Friday, January 20, 2012 6:54 AM PT
NASA: 2011 One of Top Ten Warmest Years

     (CN) - NASA scientists found 2011 was the ninth warmest year since 1880, saying their analysis shows a long-term trend of rising global temperatures.
     Nine of the 10 warmest years in the modern meteorological record have occurred since the year 2000, NASA announced Thursday.
     Goddard Institute for Space Studies (GISS) in New York found the average global temperature in 2011 was 0.92 degrees F warmer than a mid-20th century baseline temperature, according to a NASA release.
     "We know the planet is absorbing more energy than it is emitting," GISS director James Hansen said in a statement. "So we are continuing to see a trend toward higher temperatures. Even with the cooling effects of a strong La Nina influence and low solar activity for the past several years, 2011 was one of the 10 warmest years on record."
     Hansen said the first 11 years of the 21st century experienced higher temperatures compared to the latter part of the 20th century.
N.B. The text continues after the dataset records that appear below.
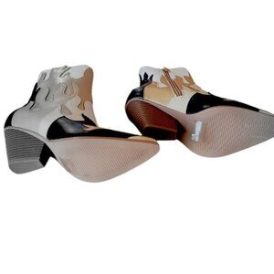 The DUMPA Black Booties by Cape Robbin feature a sleek pointy toe design accentuated by striking metal details, offering a modern and edgy aesthetic. These ankle booties are equipped with a convenient zipper closure for easy wear, while the color block pattern adds a unique flair. Crafted from high-quality PU metallic material, these booties are both stylish and durable, making them a perfect addition to any fashion-forward wardrobe. Perfect for line dancing on your Boot Scootin' Days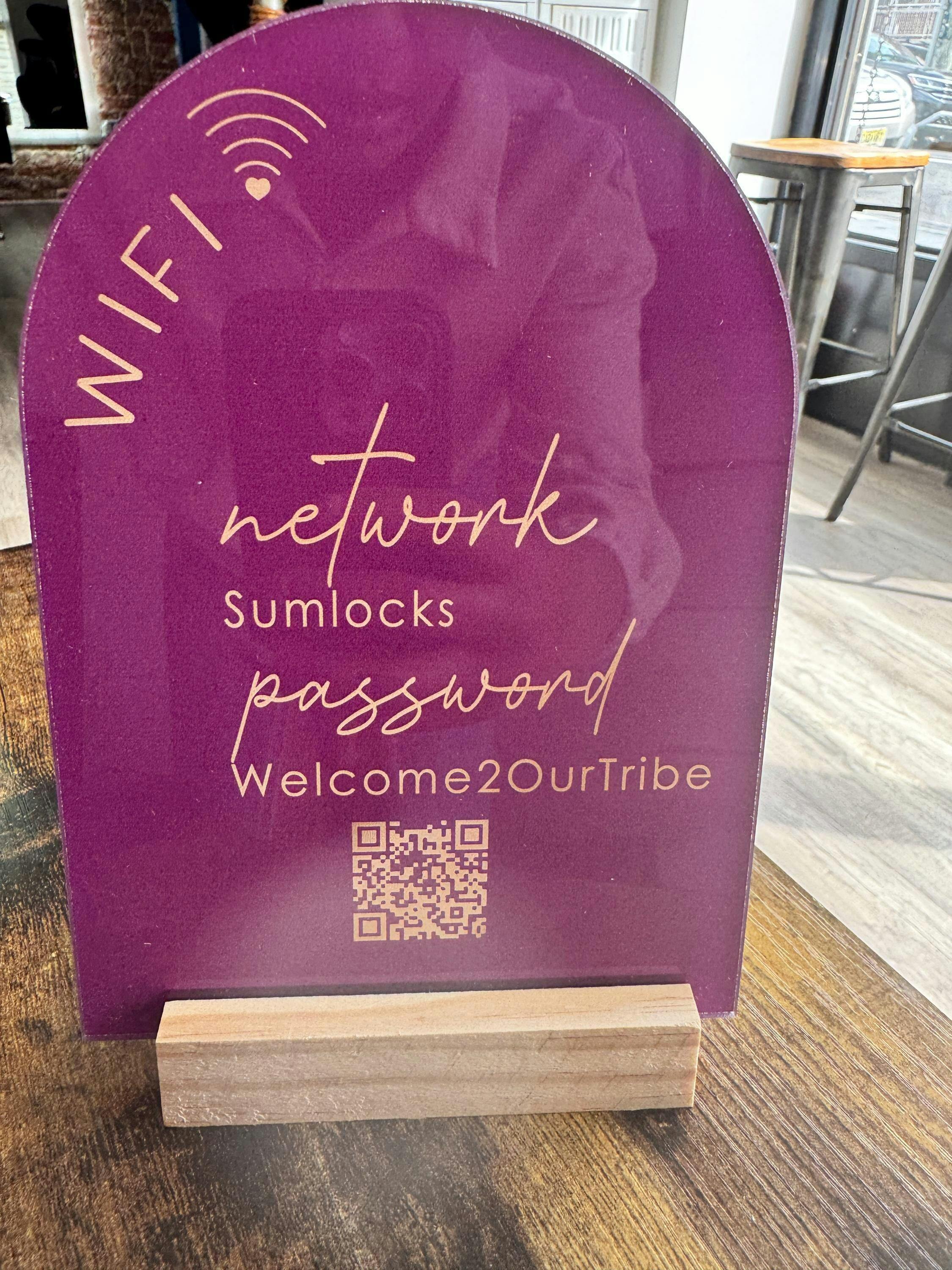 Our Acrylic Home Wifi Sign is the perfect way to display your network name and network password. The Acrylic sign measures 7" tall x 5" wide and comes with a natural wood stand.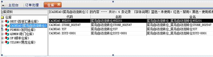2、 菜鸟仓库建立:订单下载时会自动创建单据上对应的菜鸟仓库,如下图。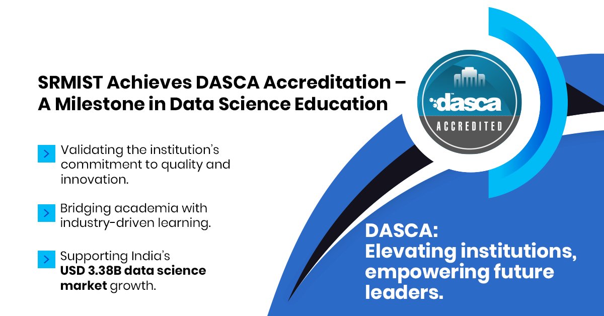 SRM Institute of Science and Technology (SRMIST), receives DASCA accreditation for its Data Science and AI programs, reinforcing its leadership in tech education and academic excellence in the data-driven era. Know more: bit.ly/4cYWyzE #SRMIST #PressRelease #DASCA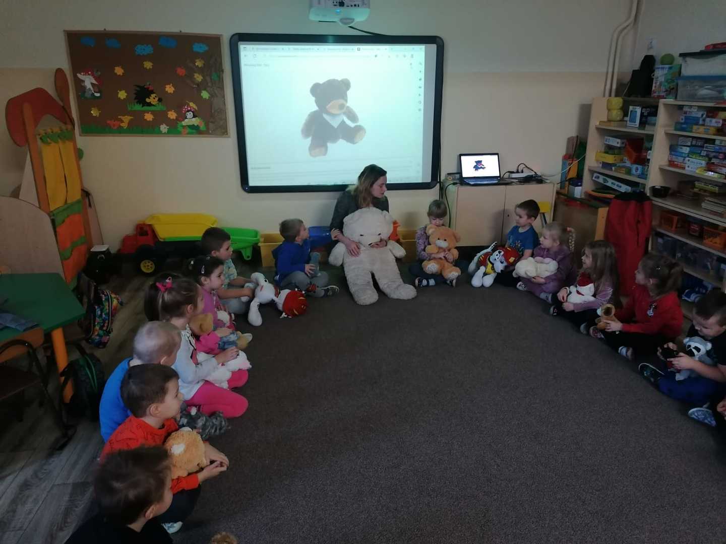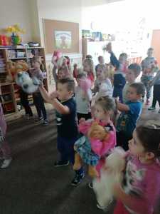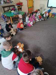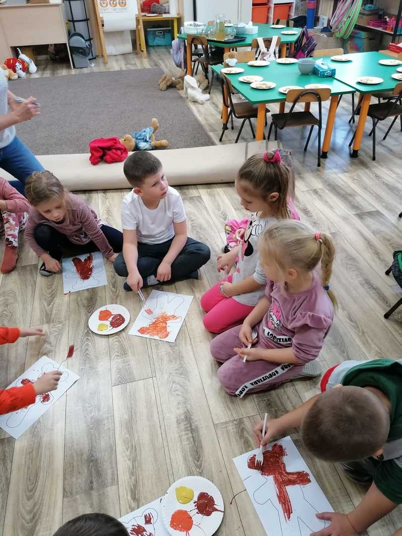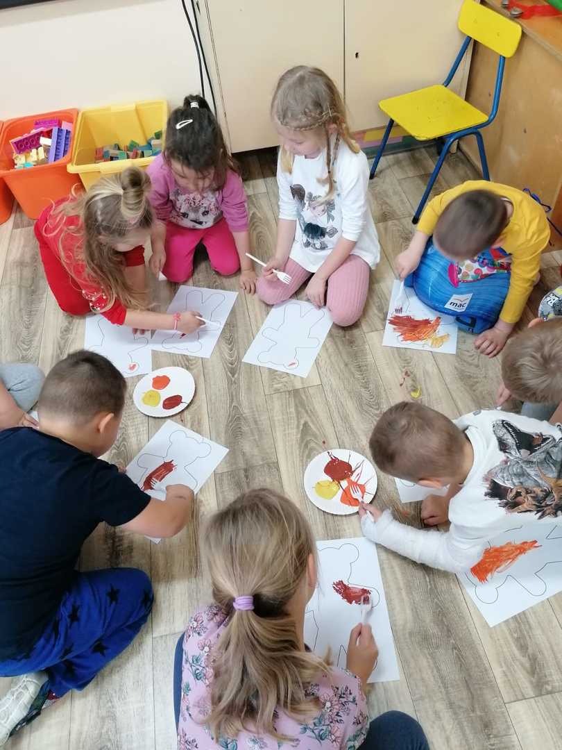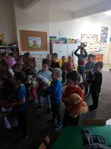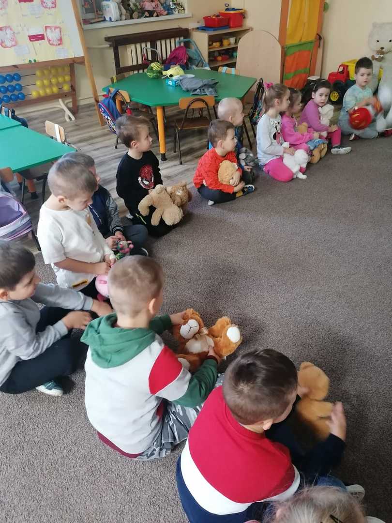 W piątek 25.11.2022 r. dzieci przyszły do przedszkola ze swoimi pluszowymi przyjaciółmi. Każdy z towarzyszy został przedstawiony i przywitany przez dzieci.Następnie odbyły się wspólne zabawy i tańce. Przedszkolacy miały możliwość poznania nowej techniki malarskiej i wykonały misia przy użyciu widelca i farb.Panie kucharki zadbały o słodką niespodziankę.Był to dzień pełen radości.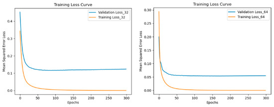 The numbers of neurons in the hidden layer of the model are set to 32 and 64 for the training and testing, respectively, and the loss value results are compared, as shown in Figure 6. This figure shows that the two models converge after 300 rounds of training. The figure on the left shows the training and testing results of 32 neurons, whose loss value is 0.123 on the test set. The figure on the right shows the training and testing results for 64 neurons, whose loss value on the test set is 0.0548. Thus, selecting 64 hidden layer neurons can achieve results close to the true value.

He expects record-breaking worldwide temperatures in the next few years because of increased solar activity and the next El Nino will cause a rise in tropical Pacific temperatures, according to the release.
     "It's always dangerous to make predictions about El Nino, but it's safe to say we'll see one in the next three years," Hansen said. "It won't take a very strong El Nino to push temperatures above 2010."
     According to NASA, 2011 was .22 degrees F warmer than 2010, the hottest year on record. Global temperatures are not expected to rise year after year, but will gradually increase over decades, NASA claims.
     NASA says the higher temperatures are being sustained by increased greenhouse gases, especially carbon dioxide, which traps heat in the atmosphere. The carbon dioxide level in the atmosphere was about 285 parts per million when the GISS began recording global temperatures in 1880, according to the report. In 1960, the level had risen to about 315 parts per million, and today it exceeds 390 parts per million, NASA claims.
     GISS collected weather data from more than 1,000 meteorological stations, satellite readings of ocean surface temperature and research station observations in Antarctica to produce the temperature analysis, according to NASA.